At its core, the data minimization principle requires organizations to collect, process, and retain only personal data that is adequate, relevant, and limited to what is necessary for specified objectives. It’s grounded in the expectation that not all data is essential and, instead, contributes to a heightened risk of information leakage. The data minimization principle builds on two core pillars, purpose limitation and data relevance.
Purpose Limitation
Data protection regulations mandate that data be collected for a legitimate, specific and explicit purpose (LGPD, Brazil) and prohibit using the collected data for any other incompatible purpose from the one disclosed (CPRA, USA). Thus, data collectors must define a clear, legal objective before data collection and use the data solely for that objective. In an ML setting, this purpose can be seen as collecting data for training models to achieve optimal performance on a given task.
Data Relevance
Regulations like the GDPR require that all collected data be adequate, relevant, and limited to what is necessary for the purposes it was collected for. In other words, data minimization aims to remove data that does not serve the purpose defined above. In ML contexts, this translates to retaining only data that contributes to the performance of the model.
Privacy expectations through minimization
As you might have already noticed, there is an implicit expectation of privacy through minimization in data protection regulations. The data minimization principle has even been hailed by many in the public discourse (EDPS, Kiteworks, The Record, Skadden, k2view) as a principle to protect privacy.
The EU AI Act states in Recital 69, “The right to privacy and to protection of personal data must be guaranteed throughout the entire lifecycle of the AI system. In this regard, the principles of data minimisation and data protection by design and by default, as set out in Union data protection law, are applicable when personal data are processed”.
However, this expectation of privacy from minimization overlooks a crucial aspect of real world data–the inherent correlations among various features! Information about individuals is rarely isolated, thus, merely minimizing data, may still allow for confident reconstruction. This creates a gap, where individuals or organizations using the operationalization attempts of data minimization, might expect improved privacy, despite using a framework that is limited to only minimization.
The Correct Way to Talk about Privacy
Privacy auditing often involves performing attacks to assess real-world information leakage.

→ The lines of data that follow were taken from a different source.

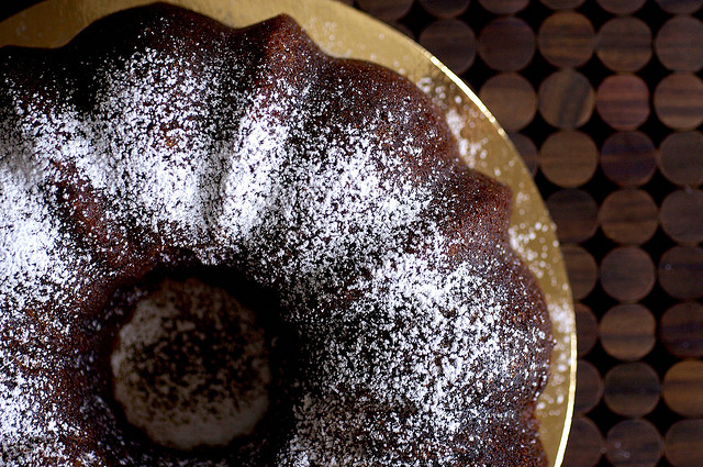 This is dark and sticky and chewy and heavy and spicy and a zillion other adjectives that end in y that are so overused, they border on hackneyed, but you know what? It is not this cake’s fault. It can’t help being awesome, and fragrant (our living room smells like Christmas), attention-grabbing (nobody puts it in the corner) and totally respecting of your busy schedule (because it tastes even better on days two and three than it did out of the oven).
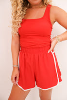 Say hello to your new go-to for sporty chic: the Varsity Pleated Athletic Romper. This one-piece wonder combines the ease of a romper with the style of a tennis skirt - the pleated side panels add movement and flair. Designed with a fitted tank-style top and a stretchy, high-rise waistband, it flatters in all the right places while keeping things comfy from tailgates to travel days.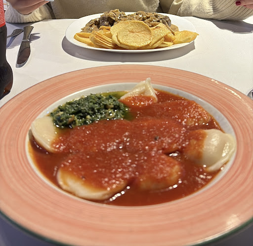 Los cubiertos impecables con sus copas brillantes y servilletas de buena tela. En días festivos adornadas con flores, servilleteros finos, etc. En suma, se advierte un gran esfuerzo en brindar un muy buen servicio y por ende, ello implica un gran costo, que honestamente no se refleja tanto en el precio final. La comida !!! Hay todas las pastas y todas las salsas, los platos siempre bien presentados, manteniendo siempre la temperatura correcta y los exquisitos sabores de manera constante. El chef y todo el personal usan cofia permanentemente ! No se les ve el color del pelo. El menú no es solamente de pastas, sin tener una lista "sábana" cubre todas las expectativas con platos muy, pero muy bien elaborados, con varios tipos de pescados y algunos marscos... Bueno che !!! Vengan a probarlos y después me pegan. "En de mientras" se peinan en el brillo de las limpisinas chimeneas. Y esa limpieza se ve en los baños, fiel reflejo de lo que es el resto. Sin fanatismo, por que hay muchísimos lugares buenos para comer en este gran país que gracias a Dios tenemos, el que meramente les describo es muy bueno. No dejen de hojear la cartita...

These attacks serve as powerful tools to expose potential vulnerabilities and by simulating realistic scenarios, auditors can evaluate the effectiveness of privacy protection mechanisms and identify areas where sensitive information may be revealed.
Some adversarial attacks that might be relevant in this situation include reconstruction and re-identification attacks. Reconstruction attacks aim to recover missing information from a target dataset. Re-identification attacks aim to re-identify individuals using partial or anonymized data.
The gap between Data Minimization and Privacy
Consider the example of minimizing data from an image, and removing pixels that do not contribute to the performance of the model. Solving that optimization would give you minimized data that looks something like this.
The trends in this example are interesting. As you’ll notice, the central vertical line is preserved in the image of the digit ‘1’, while the outer curves are retained for ‘0’. In other words, while 50% of the pixels are removed, it doesn’t seem like any information is lost. One can even show that is the case by applying a very simple reconstruction attack using data imputation.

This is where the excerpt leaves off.